> **Collected data**
- Opening Delimiter -
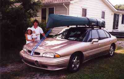 | However, when we paddle back on the Sound, we hold a dissenting opinion. We prefer a canoe. Our Old Town Pack, the green craft shown above left and right here, can do everything touring kayaks can do with several advantages they don't have. First, we can sit up higher, which allows us to see better. Second, we can slide forward onto our knees and lean into our strokes, giving us greater leverage. Being able to shift from one position to another is also more relaxing than being pinned in one position for an hour or so. We have a back on our canoe seat, so the kayak offers no edge there. We have the crossbar on our canoe equipped with a drinkholder, camera bag and specially made pack with pockets for suntan lotion, raincoat, binoculars, knife, first aid kit, food, sunglasses, map, compass and waterproof flashlight. You can carry those items in a kayak by stashing them down inside by your feet but they are nowhere near as accessible. Our canoe, which we have used all over the country, weighs less than a kayak, and is easily transported on a cartop or on our shoulders from vehicle to water. | ![]() |
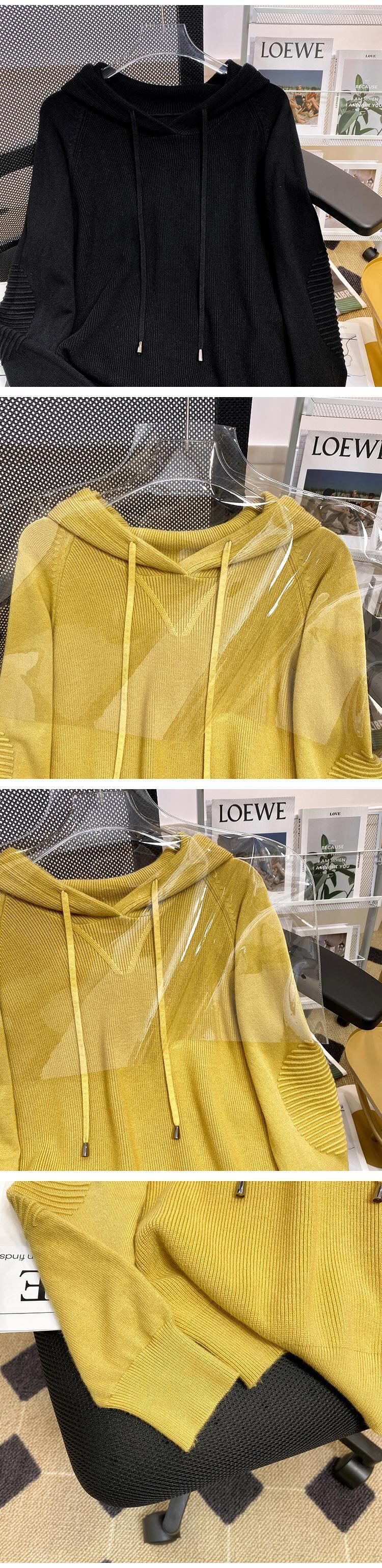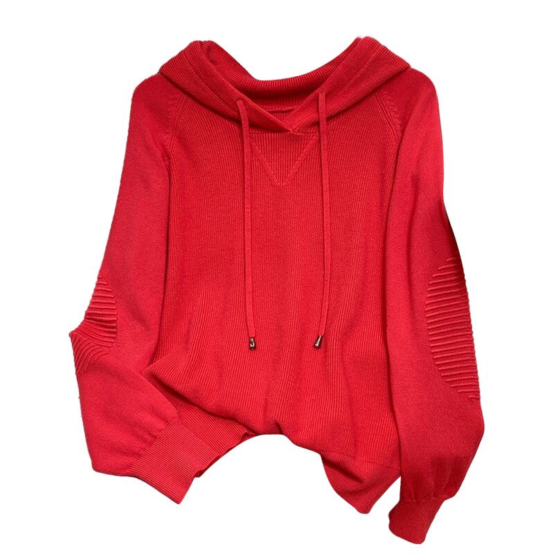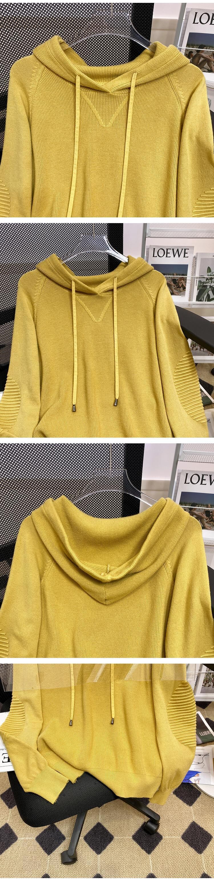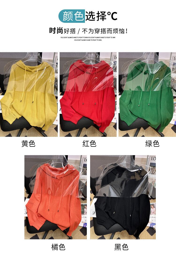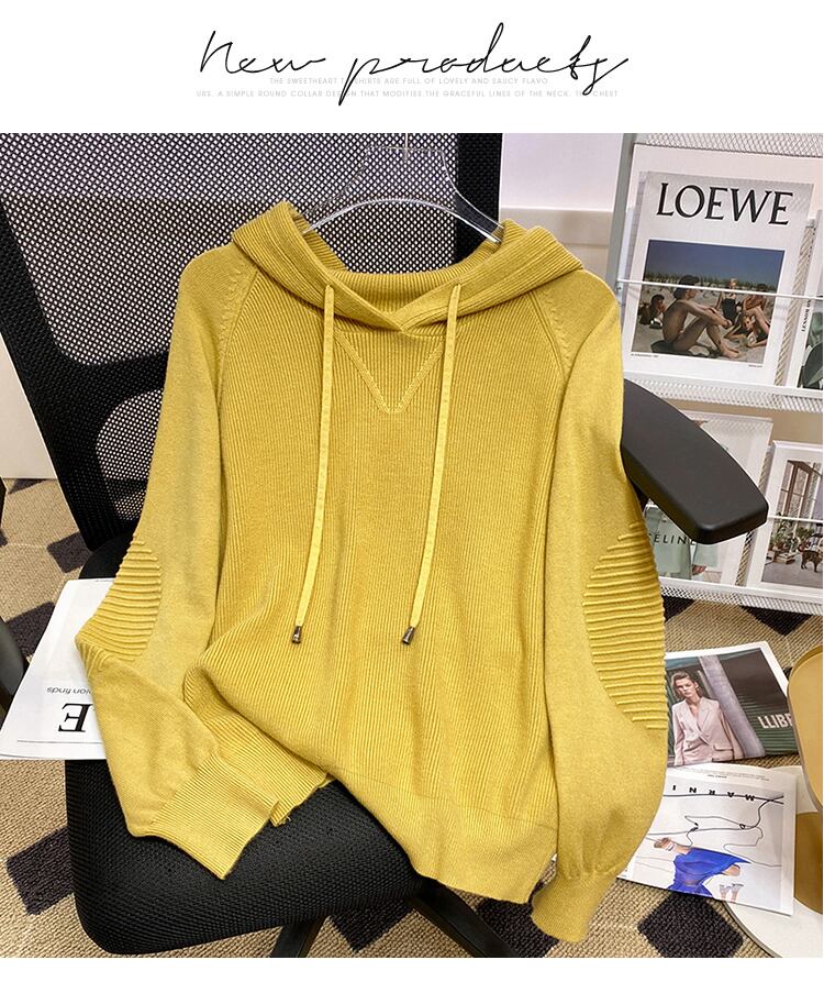 大きいサイズの婦人服 2023 春の新しい太った姉妹のファッション緩い無地フード付きデザイン感覚の肉を覆うニットセーターの女性 大きめサイズ スプリング 春物 ソリッドカラー 8884141631380063
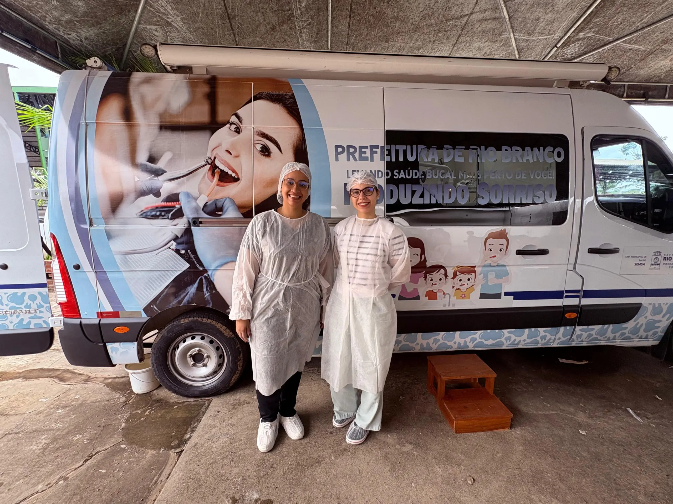 No Parque de Exposições, crianças e adultos recebem atendimento das vans odontológicas do programa Produzindo Sorrisos nesta sexta-feira (23). A ação, realizada pela Prefeitura de Rio Branco, por meio da Secretaria Municipal de Saúde, integra procedimentos como limpeza, orientações de higiene bucal, escovação supervisionada, profilaxia, aplicação de flúor, restaurações e extrações.
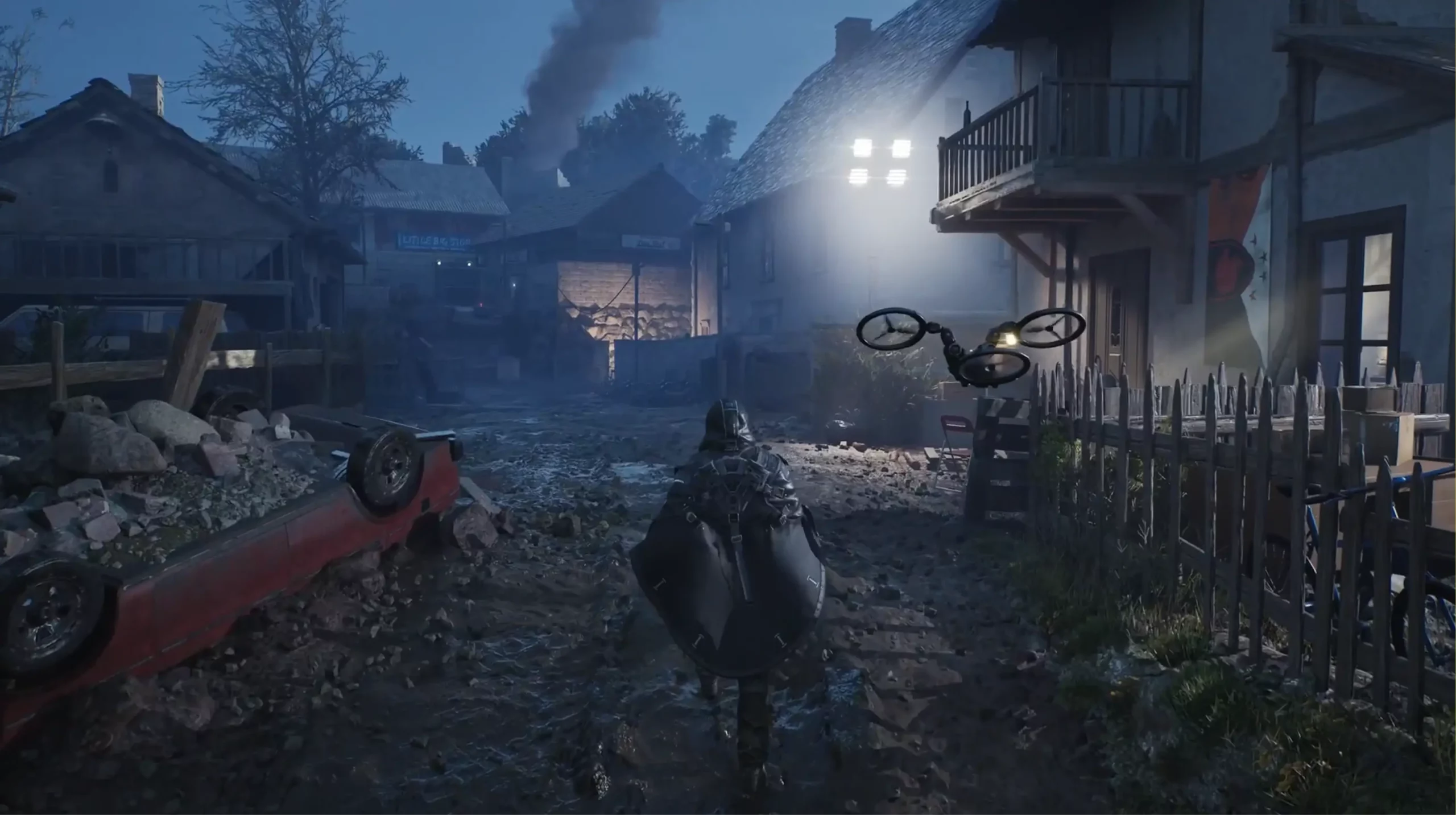 В нем игрокам кратко описали задумку сюжета и показали главного героя с оружием и дроном-помощником.
- Closing Delimiter -
> **Task requirements**
Copy the material shown above in full and exactly. Skip the pictures.

> **Written solution**
 | However, when we paddle back on the Sound, we hold a dissenting opinion. We prefer a canoe. Our Old Town Pack, the green craft shown above left and right here, can do everything touring kayaks can do with several advantages they don't have. First, we can sit up higher, which allows us to see better. Second, we can slide forward onto our knees and lean into our strokes, giving us greater leverage. Being able to shift from one position to another is also more relaxing than being pinned in one position for an hour or so. We have a back on our canoe seat, so the kayak offers no edge there. We have the crossbar on our canoe equipped with a drinkholder, camera bag and specially made pack with pockets for suntan lotion, raincoat, binoculars, knife, first aid kit, food, sunglasses, map, compass and waterproof flashlight. You can carry those items in a kayak by stashing them down inside by your feet but they are nowhere near as accessible. Our canoe, which we have used all over the country, weighs less than a kayak, and is easily transported on a cartop or on our shoulders from vehicle to water. | ![]() |
 大きいサイズの婦人服 2023 春の新しい太った姉妹のファッション緩い無地フード付きデザイン感覚の肉を覆うニットセーターの女性 大きめサイズ スプリング 春物 ソリッドカラー 8884141631380063
 No Parque de Exposições, crianças e adultos recebem atendimento das vans odontológicas do programa Produzindo Sorrisos nesta sexta-feira (23). A ação, realizada pela Prefeitura de Rio Branco, por meio da Secretaria Municipal de Saúde, integra procedimentos como limpeza, orientações de higiene bucal, escovação supervisionada, profilaxia, aplicação de flúor, restaurações e extrações.
 В нем игрокам кратко описали задумку сюжета и показали главного героя с оружием и дроном-помощником.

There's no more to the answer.